**Exercise**
Set each record down exactly, excluding all images.

::: Given entries

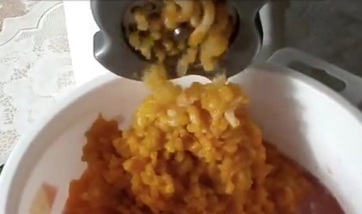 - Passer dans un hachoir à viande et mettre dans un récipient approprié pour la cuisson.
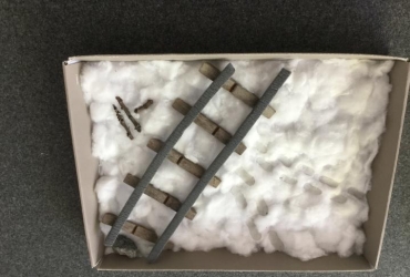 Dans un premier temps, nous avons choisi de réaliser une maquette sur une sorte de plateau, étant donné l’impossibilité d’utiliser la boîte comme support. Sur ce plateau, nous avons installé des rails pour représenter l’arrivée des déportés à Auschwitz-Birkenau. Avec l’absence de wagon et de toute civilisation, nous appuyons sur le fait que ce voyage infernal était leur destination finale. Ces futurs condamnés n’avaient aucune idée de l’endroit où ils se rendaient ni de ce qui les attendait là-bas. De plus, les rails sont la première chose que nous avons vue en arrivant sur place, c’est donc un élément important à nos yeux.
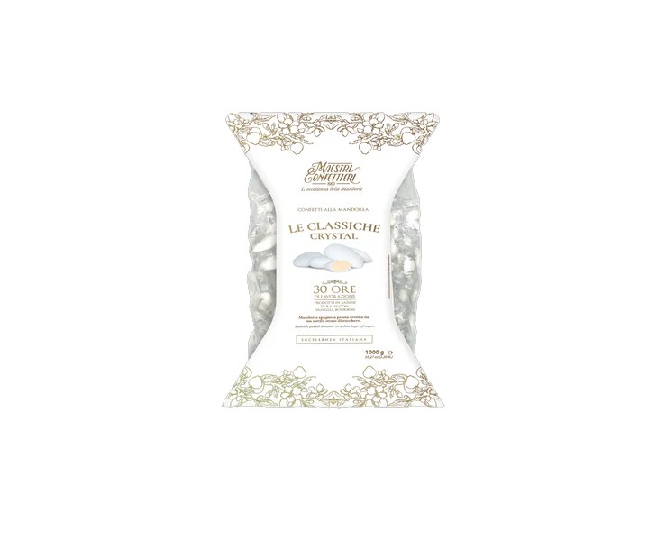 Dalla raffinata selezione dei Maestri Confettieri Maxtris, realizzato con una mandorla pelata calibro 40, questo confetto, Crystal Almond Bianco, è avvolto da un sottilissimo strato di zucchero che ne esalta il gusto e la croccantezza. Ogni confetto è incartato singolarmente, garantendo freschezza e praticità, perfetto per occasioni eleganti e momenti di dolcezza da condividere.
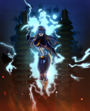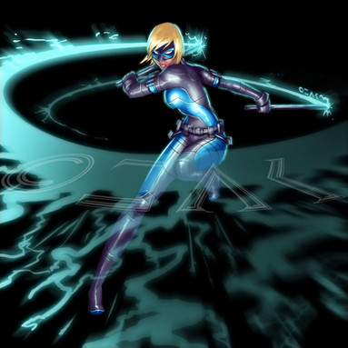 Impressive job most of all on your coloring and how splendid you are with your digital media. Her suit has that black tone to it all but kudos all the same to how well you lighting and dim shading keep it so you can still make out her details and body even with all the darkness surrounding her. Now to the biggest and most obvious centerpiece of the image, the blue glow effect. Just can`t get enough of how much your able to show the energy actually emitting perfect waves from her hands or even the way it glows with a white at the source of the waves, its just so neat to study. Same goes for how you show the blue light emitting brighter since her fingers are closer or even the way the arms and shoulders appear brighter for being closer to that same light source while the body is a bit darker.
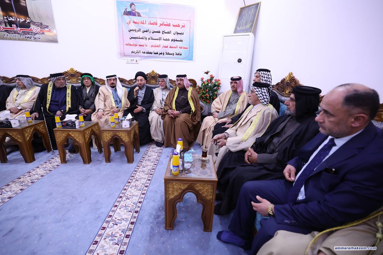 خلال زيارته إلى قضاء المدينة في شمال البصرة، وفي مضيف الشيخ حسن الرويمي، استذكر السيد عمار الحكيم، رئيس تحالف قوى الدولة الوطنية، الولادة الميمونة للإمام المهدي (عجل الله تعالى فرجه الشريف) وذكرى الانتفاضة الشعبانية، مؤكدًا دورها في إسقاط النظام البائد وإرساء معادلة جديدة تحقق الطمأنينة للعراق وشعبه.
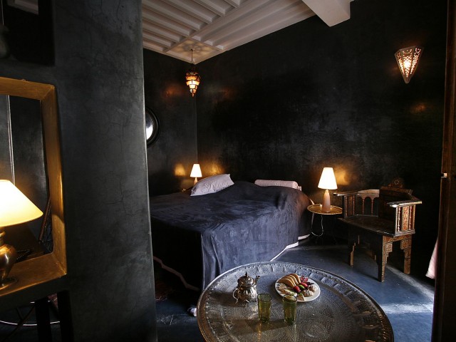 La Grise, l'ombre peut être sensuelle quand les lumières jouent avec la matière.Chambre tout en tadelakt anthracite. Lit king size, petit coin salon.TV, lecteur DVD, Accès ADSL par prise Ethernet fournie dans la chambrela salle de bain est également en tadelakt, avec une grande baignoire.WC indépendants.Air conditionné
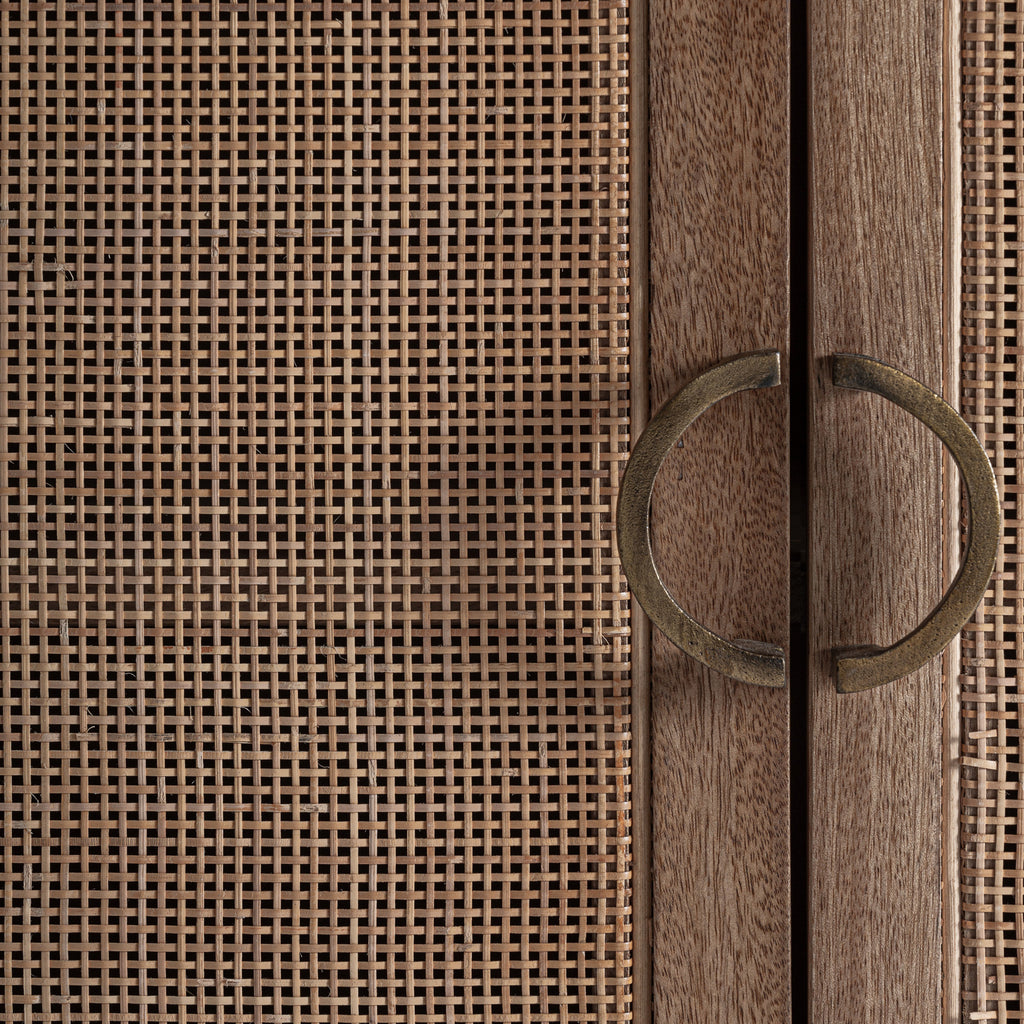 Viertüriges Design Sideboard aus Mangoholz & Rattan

::::::

**Solution to this problem**
 - Passer dans un hachoir à viande et mettre dans un récipient approprié pour la cuisson.
 Dans un premier temps, nous avons choisi de réaliser une maquette sur une sorte de plateau, étant donné l’impossibilité d’utiliser la boîte comme support. Sur ce plateau, nous avons installé des rails pour représenter l’arrivée des déportés à Auschwitz-Birkenau. Avec l’absence de wagon et de toute civilisation, nous appuyons sur le fait que ce voyage infernal était leur destination finale. Ces futurs condamnés n’avaient aucune idée de l’endroit où ils se rendaient ni de ce qui les attendait là-bas. De plus, les rails sont la première chose que nous avons vue en arrivant sur place, c’est donc un élément important à nos yeux.
 Dalla raffinata selezione dei Maestri Confettieri Maxtris, realizzato con una mandorla pelata calibro 40, questo confetto, Crystal Almond Bianco, è avvolto da un sottilissimo strato di zucchero che ne esalta il gusto e la croccantezza. Ogni confetto è incartato singolarmente, garantendo freschezza e praticità, perfetto per occasioni eleganti e momenti di dolcezza da condividere.
 Impressive job most of all on your coloring and how splendid you are with your digital media. Her suit has that black tone to it all but kudos all the same to how well you lighting and dim shading keep it so you can still make out her details and body even with all the darkness surrounding her. Now to the biggest and most obvious centerpiece of the image, the blue glow effect. Just can`t get enough of how much your able to show the energy actually emitting perfect waves from her hands or even the way it glows with a white at the source of the waves, its just so neat to study. Same goes for how you show the blue light emitting brighter since her fingers are closer or even the way the arms and shoulders appear brighter for being closer to that same light source while the body is a bit darker.
 خلال زيارته إلى قضاء المدينة في شمال البصرة، وفي مضيف الشيخ حسن الرويمي، استذكر السيد عمار الحكيم، رئيس تحالف قوى الدولة الوطنية، الولادة الميمونة للإمام المهدي (عجل الله تعالى فرجه الشريف) وذكرى الانتفاضة الشعبانية، مؤكدًا دورها في إسقاط النظام البائد وإرساء معادلة جديدة تحقق الطمأنينة للعراق وشعبه.
 La Grise, l'ombre peut être sensuelle quand les lumières jouent avec la matière.Chambre tout en tadelakt anthracite. Lit king size, petit coin salon.TV, lecteur DVD, Accès ADSL par prise Ethernet fournie dans la chambrela salle de bain est également en tadelakt, avec une grande baignoire.WC indépendants.Air conditionné
 Viertüriges Design Sideboard aus Mangoholz & Rattan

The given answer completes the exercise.